Yapılan son genel nüfus sayımında, genel nüfusun yüzde 70.5’inin kentlerde yaşamakta olduğu belirtilmekte ve bu sayının giderek artacağı sosyal araştırmacılar tarafından ifade edilmektedir. Ekonomik, sosyal vb. nedenlerle kente göç, kentlerde barınma, çalışma ve sosyal gereksinimlerinin karşılanması, eğitim, sağlık, kültür vb. sorunlara dönük tedbirlerin şimdiden planlanmasının gerekliliğini ortaya koymaktadır.
Kentler, yönetilmeyi ve yalnızca hizmet almayı bekleyen değil, kent yaşamını ortaklaşa bir etkinlik alanı olarak gören, ortak sorunlar karşısında birlikte hareket edebilen, katılım ve paylaşımla yaşanabilir yerler haline gelebilir.
Kentlilerin yaşadıkları yeri sahiplenmelerinin temelinde, kent yönetiminden sorumlu olan kimselerin karşılıklı güven ortamını sağlamasının yattığı açıktır.
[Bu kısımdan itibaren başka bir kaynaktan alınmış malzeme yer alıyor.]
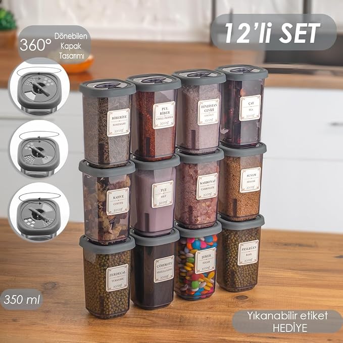 1059 12’li Döner Kapaklı Etiketli Baharatlık Seti – Füme Kilitlenebilir Kapaklı 350 cc
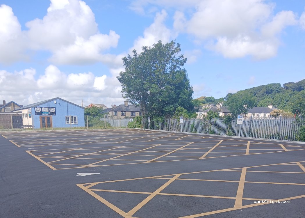 There are now 8 spaces. During the day, these are used by buses and lorries as a park-up, amusingly they parked in the yellow hatched areas between the motorhome spaces.... Short walk into town. Very noisy, next to the railway line and on a busy road. The Welsh Police would do well to set up a speed camera near here, there were people racing up and down for what felt like most of the night...
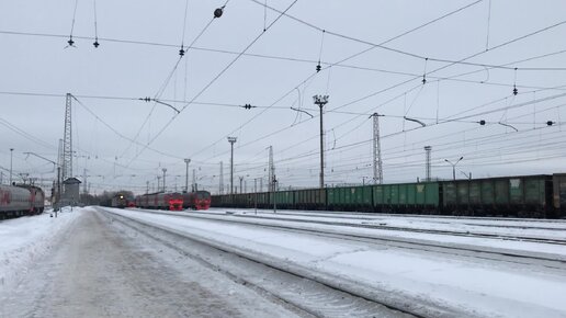 Зелёный электровоз ВЛ11.8-614/615Б с полувагонами
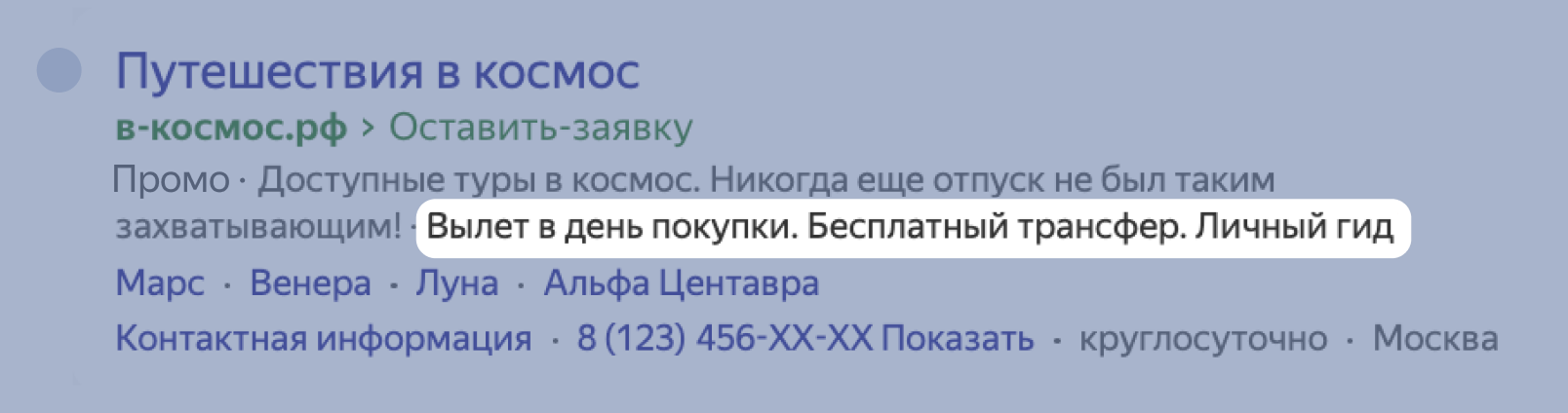 По нашим исследованиям, уточнения повышают CTR объявлений на 3%.
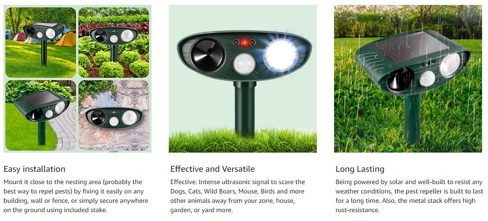 Detects motion and triggers the ultrasonic speaker to produce a tone that humans cannot hear to drive unwanted creatures away. This repeller is effective in a large area of up to 2425 square feet. Since it is powered by solar. No batteries or electricity is needed. And it is perfectly suitable to use in the garden. yard. and lawn. don't hesitate to get one!

Kentliler ancak bir güven ortamında yönetime katılabilirler.
“Avrupa Yerel Yönetimler Özerklik Şartı”nda; yurttaşların kamu işlerinin sevk ve idaresine katılma hakkının demokratik bir ilke olduğu ve bu hakların doğrudan kullanım alanının yerel düzeyde olduğunun altı çizilmiştir.
“Avrupa Kentsel Şartı”nda ise yerel demokrasi açısından yerel yönetimlerde halkın doğrudan katılımının sağlanmasının önemine dikkat çekilmiş ve kentte yaşayan yurttaşların temel hakları sıralanmıştır.
“Avrupa Kentli Hakları Deklarasyonu”nda da katılım hakkına yer verilerek, kurum ve kuruluşlar arasındaki dayanışmanın esas olduğu kent yönetimlerinde; gereksiz bürokrasiden arındırma, yardımlaşma ve bilgilendirme ilkelerinin sağlanması şartı getirilmiştir
Kamu yararını öne çıkaran toplumcu bir belediyecilik anlayışının yeniden “iktidar” olmasının yolu, kentin bütününü kucaklayacak olan bir programı, kentin diğer aktörleri ile birlikte oluşturmaktan geçmektedir.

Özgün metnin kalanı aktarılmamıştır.